[Records from a data source]
——————

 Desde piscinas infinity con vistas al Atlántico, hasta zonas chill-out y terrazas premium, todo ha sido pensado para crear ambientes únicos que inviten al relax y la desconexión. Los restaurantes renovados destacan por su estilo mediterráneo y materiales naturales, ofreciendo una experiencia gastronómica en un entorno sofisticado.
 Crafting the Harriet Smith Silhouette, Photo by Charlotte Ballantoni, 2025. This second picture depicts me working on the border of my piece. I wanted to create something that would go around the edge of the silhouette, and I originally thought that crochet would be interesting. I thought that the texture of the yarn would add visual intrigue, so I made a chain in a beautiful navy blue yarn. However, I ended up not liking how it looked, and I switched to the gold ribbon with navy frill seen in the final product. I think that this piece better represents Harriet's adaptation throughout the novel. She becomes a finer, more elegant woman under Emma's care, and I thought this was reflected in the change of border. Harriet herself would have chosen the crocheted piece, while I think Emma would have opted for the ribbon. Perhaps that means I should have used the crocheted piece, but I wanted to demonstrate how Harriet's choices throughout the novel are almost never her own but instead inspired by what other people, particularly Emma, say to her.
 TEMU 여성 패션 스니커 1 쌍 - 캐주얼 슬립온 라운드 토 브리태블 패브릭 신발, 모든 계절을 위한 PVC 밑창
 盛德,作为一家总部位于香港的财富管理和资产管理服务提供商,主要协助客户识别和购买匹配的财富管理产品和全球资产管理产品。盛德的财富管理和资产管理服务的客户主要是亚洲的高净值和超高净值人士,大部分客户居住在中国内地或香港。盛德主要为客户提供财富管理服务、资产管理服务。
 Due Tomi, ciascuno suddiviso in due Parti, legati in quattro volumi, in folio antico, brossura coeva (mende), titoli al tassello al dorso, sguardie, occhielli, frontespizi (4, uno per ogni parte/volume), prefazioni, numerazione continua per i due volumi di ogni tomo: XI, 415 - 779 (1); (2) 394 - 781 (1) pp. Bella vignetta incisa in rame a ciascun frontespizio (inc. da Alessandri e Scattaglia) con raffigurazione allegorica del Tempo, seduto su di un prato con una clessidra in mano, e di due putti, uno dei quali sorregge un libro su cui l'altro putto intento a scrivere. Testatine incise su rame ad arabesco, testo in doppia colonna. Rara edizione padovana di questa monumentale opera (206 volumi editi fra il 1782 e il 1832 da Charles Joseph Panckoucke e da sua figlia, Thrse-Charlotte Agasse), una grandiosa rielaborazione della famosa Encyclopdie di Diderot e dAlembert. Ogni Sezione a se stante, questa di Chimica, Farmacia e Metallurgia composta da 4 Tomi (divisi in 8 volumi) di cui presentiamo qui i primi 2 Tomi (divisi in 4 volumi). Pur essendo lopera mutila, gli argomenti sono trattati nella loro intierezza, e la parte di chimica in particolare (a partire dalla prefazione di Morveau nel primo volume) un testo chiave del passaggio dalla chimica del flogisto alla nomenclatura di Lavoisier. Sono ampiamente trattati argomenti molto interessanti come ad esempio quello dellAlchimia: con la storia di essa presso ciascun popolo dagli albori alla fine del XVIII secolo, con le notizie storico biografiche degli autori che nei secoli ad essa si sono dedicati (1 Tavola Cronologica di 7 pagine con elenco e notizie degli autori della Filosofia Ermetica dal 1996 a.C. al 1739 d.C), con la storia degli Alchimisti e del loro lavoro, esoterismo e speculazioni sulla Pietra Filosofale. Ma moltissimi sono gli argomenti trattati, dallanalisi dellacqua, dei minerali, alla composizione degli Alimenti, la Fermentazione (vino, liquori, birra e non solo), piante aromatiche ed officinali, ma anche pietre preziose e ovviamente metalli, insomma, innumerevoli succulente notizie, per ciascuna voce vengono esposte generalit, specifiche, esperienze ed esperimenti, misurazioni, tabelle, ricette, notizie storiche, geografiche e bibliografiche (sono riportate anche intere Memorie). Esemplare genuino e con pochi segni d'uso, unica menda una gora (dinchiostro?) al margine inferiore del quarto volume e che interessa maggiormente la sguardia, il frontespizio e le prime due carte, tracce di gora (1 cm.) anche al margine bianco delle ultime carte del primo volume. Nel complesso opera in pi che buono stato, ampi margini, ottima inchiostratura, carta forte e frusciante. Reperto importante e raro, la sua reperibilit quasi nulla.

——————

- **Work item**: Beginning with the line above that contains "TEMU 여성 패션 스니커", copy each line exactly up to and including the line that contains "盛德,作为一家总部位于香港的", and go no further.

- **Answer for this exercise**:
 TEMU 여성 패션 스니커 1 쌍 - 캐주얼 슬립온 라운드 토 브리태블 패브릭 신발, 모든 계절을 위한 PVC 밑창
 盛德,作为一家总部位于香港的财富管理和资产管理服务提供商,主要协助客户识别和购买匹配的财富管理产品和全球资产管理产品。盛德的财富管理和资产管理服务的客户主要是亚洲的高净值和超高净值人士,大部分客户居住在中国内地或香港。盛德主要为客户提供财富管理服务、资产管理服务。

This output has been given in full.